The Lived Experience of Women Returning to Work after Breast CancerMaggi Banning1*, and Elizabeth Griffths2
- *Corresponding Author:
- Maggi Banning
School of Health Sciences and Social Care
Brunel University, Uxbridge, Middlesex, England
E-mail: [email protected]
Received date: April 08, 2014; Accepted date: May 08, 2014; Published date: May 15, 2014
Citation: Maggi B, Elizabeth G (2014) The Lived Experience of Women Returning to Work after Breast Cancer. Occup Med Health Aff 2:159. doi: 10.4172/2329-6879.1000159
Copyright: © 2014 Banning M, et al. This is an open-access article distributed under the terms of the Creative Commons Attribution License, which permits unrestricted use, distribution, and reproduction in any medium, provided the original author and source are credited.

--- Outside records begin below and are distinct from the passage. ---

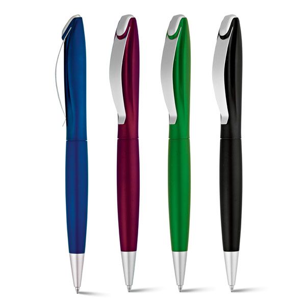 Kuulakärkikynä jossa sininen muste. Metallinen klipsi ja rungossa kaunis metallihohtoväri. Kynän klipsi on erilainen kuin normaalisti, joka lisää kynän tyylikkyyttä. Värivaihtoehtoina: viininpunainen, musta, sininen, vihreä ja oranssi.
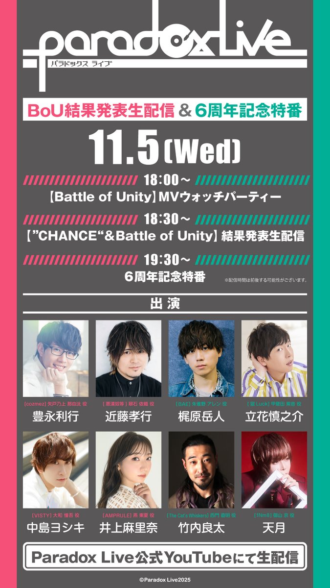 ※11/5(水)18時~※【Paradox Live】BoU結果発表生配信&6周年記念特番
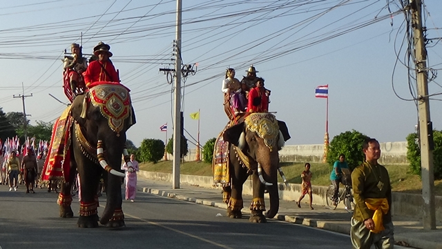โดยตั้งแต่เวลา 16.00 น.ที่บริเวณหน้าเทศบาลตำบลป่าโมก มีการเคลื่อนขบวนเดินทัพของสมเด็จพระนเรศวรมหาราช ประกอบไปด้วยขบวนช้าง ม้า ขบวนอำเภอป่าโมก ขบวนกำนัน ผู้ใหญ่บ้าน ขบวนองค์กรปกครองส่วนท้องถิ่น และขบวนสถานศึกษา ผ่านตลาดป่าโมก จนถึงบริเวณวัดป่าโมกวรวิหาร พระศรีสุทธิโสภณ(ป.ธ.9)เจ้าอาวาสวัดป่าโมกวรวิหาร พรมน้ำมนต์ให้แก่ขบวน จากนั้นขบวนเคลื่อนไปยังหน้าพระบรมราชานุสาวรีย์สมเด็จพระนเรศวรมหาราช เพื่อสักการะ
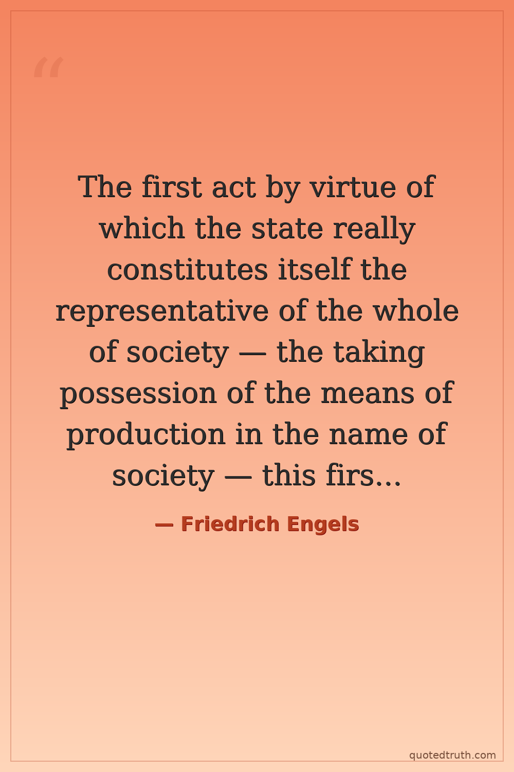 The first act by virtue of which the state really constitutes itself the representative of the whole of society — the taking possession of the means of production in the name of society — this first act is also its last as a state.
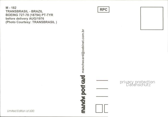 Flugzeuge Zivil Trans Brasil Boeing 727-78 18794 PT-TYR postalisch nicht gelaufen Erhaltung siehe scans
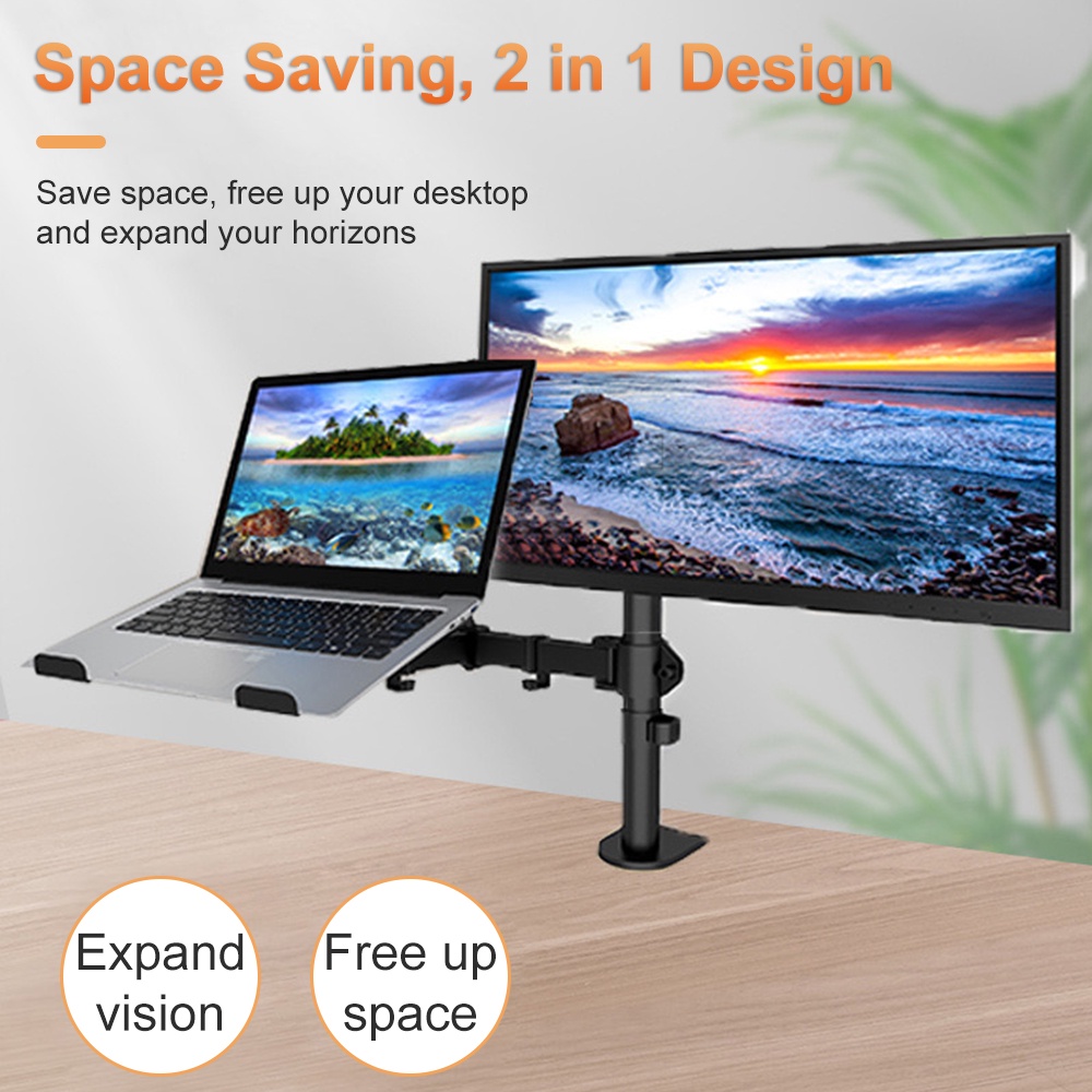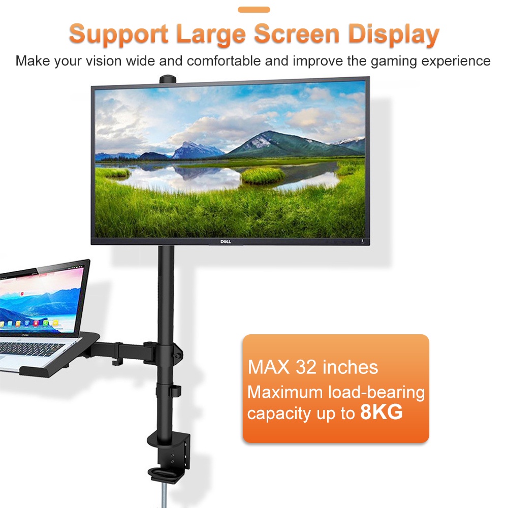 M074 Laptop and Monitor Stand Single Monitor Desk Mount with Tray for 17-32 inch Laptop Notebook and LCD Monitor Mount

Breast cancer is a global concern and a common cancer in women. Treatment can involve chemotherapy, surgical intervention with possible radiation therapy. Many breast cancer survivors return to work, even though the availability of health care and occupational health services may be limited. This phenomenological study examined the return to work experience of six breast cancer survivors. In-depth, unstructured interviews were undertaken and analysed using an adapted version of Colaizzi’s (1978) approach. Four themes emerged. Women noted that the impact of their disease on their work continued for some time. Some women gained an inner strength to progress their career on return to work. The provision of occupational health services emerged as a positive influence. These findings have implications for occupational health professionals, particularly the importance of positively supporting women so that the breast cancer return to work experience is fully understood.